The amendment also provides for extending the catalogue of construction investments that do not require a construction permit, but only a notification, as well as the catalogue of investments that do not require either a permit or a notification. The notification procedure would make it possible to construct, inter alia, free-standing protective structures with a usable area of up to 35 m2, free-standing telecommunications containers with a build-up area of up to 35 m2 together with installations and connections, unroofed terraces with a build-up area of up to 35 m2 and roofed terraces with a build-up area of more than 35 m2 and a roof area of more than 35 m2, but not more than 50 m2. However, it will be possible to build, inter alia, terraces with parameters smaller than those indicated above, install heat pumps, free- standing solar collectors, photovoltaic devices with a nominal capacity of no more than 20 kWh without notification. The government’s reasoning for such a proposed change is that for simple and uncomplicated constructions, there is no need to involve the building administration as much as before.
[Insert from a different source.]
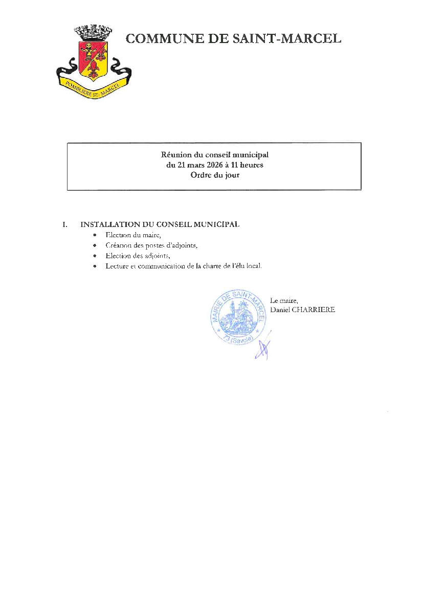 Conseil municipal le samedi 21 mars 2026 à 11 heures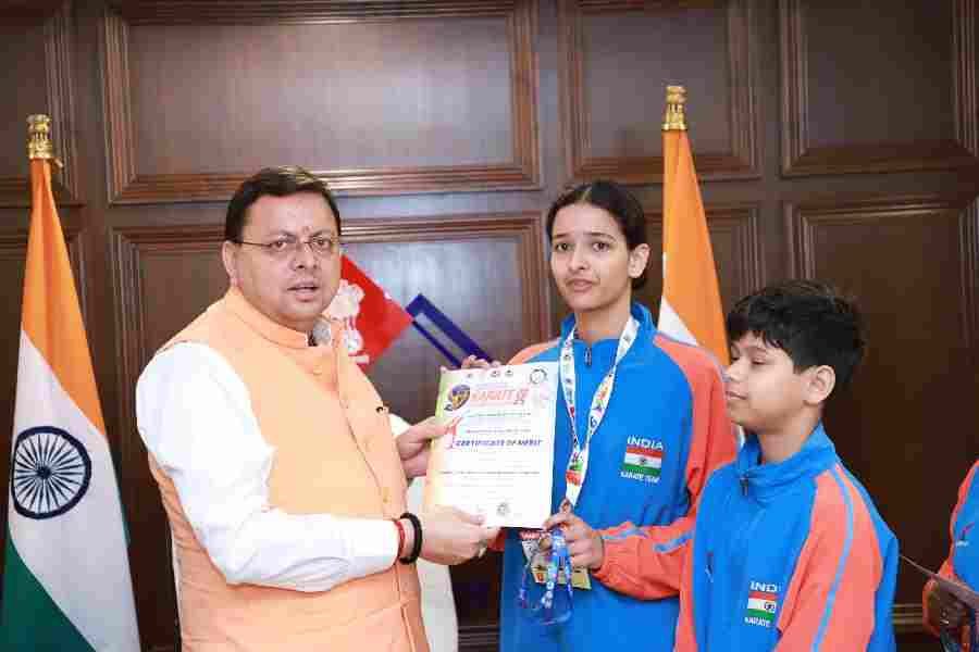 मुख्यमंत्री पुष्कर सिंह धामी ने मंगलवार को नई दिल्ली में राज्य के तीन होनहार कराटे चैंपियन्स को सम्मानित किया। मुख्यमंत्री ने कहा कि सम्मानित किए जा रहे सभी प्रतिभाशाली खिलाड़ी राज्य के उज्ज्वल भविष्य की नींव हैं। उन्होंने कहा, इन खिलाडियों ने अपनी खेल प्रतिभा से अपने माता-पिता के साथ ही उत्तराखंड का मान भी बढ़ाया है। तीनों खिलाड़ियों अनामिका, मैत्री व क्रियांश ने 5-6 जुलाई 2025 को कोलंबो, श्रीलंका में आयोजित 9वीं साउथ एशियन कराटे चैंपियनशिप में भारत का प्रतिनिधित्व करते हुए रजत, कांस्य व कांस्य पदक जीते है, मुख्यमंत्री ने इन खिलाडियों के उज्जवल भविष्य की कामना की तथा भविष्य के आयोजनों में सफलता के लिये शुभकामनाएं भी दी।

This will make it quicker and cheaper for private individuals to carry out simple investments on their own property.
The draft also assumes changes to the so-called simplified legalisation procedure by shortening the period of the possibility of applying simplified legalisation of significant deviations from the design and willfulness from 20 to 10 years. The justification for the introduction of this change is that, pursuant to the provisions of the Code of Administrative Procedure, after the lapse of the period of 10 years from the date of delivery or announcement of the decision, a decision on the construction permit may not be revoked under renewal proceedings (here, in certain cases, the decision may not be revoked after the lapse of 5 years), nor may it be declared invalid under invalidity proceedings, if 5 years have lapsed from the date of its delivery or announcement.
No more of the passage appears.